-- Information shown --
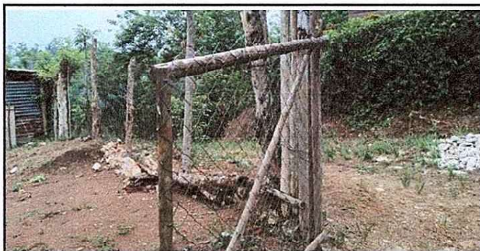
Foto 5: se observa el deterioro de la circulación del muro perimétrico en el modulo 3.
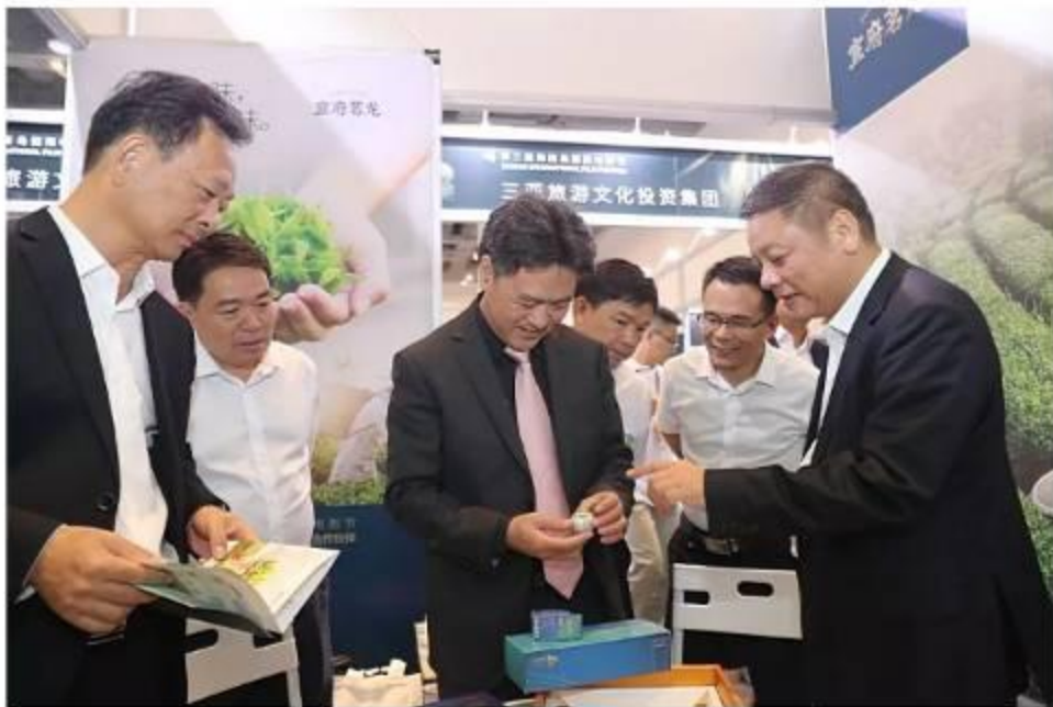
▲ 在H!Market市场展会现场，廉江市委书记林海武一行来到岭南红·廉江红橙和宣府茗龙茶展位，仔细询问这两个来自廉江的品牌的参会参展情况。宣府茗龙联合岭南红·廉江红橙为本届海南岛国际电影节创作了官方指定唯一礼品用茶。

在H!Market 市场展会现场，廉江市委书记林海武一行来到岭南红·廉江红橙和宣府茗龙茶展位，仔细询问这两个来自廉江的品牌的参会参展情况。宣府茗龙联合岭南红·廉江红橙为本届海南岛国际电影节创作了官方指定唯一礼品用茶。

-- Required work --
Each line of the data above that contains the word "宣府茗龙联合岭南红" counts once; report the total and add nothing.

-- Solution below --
2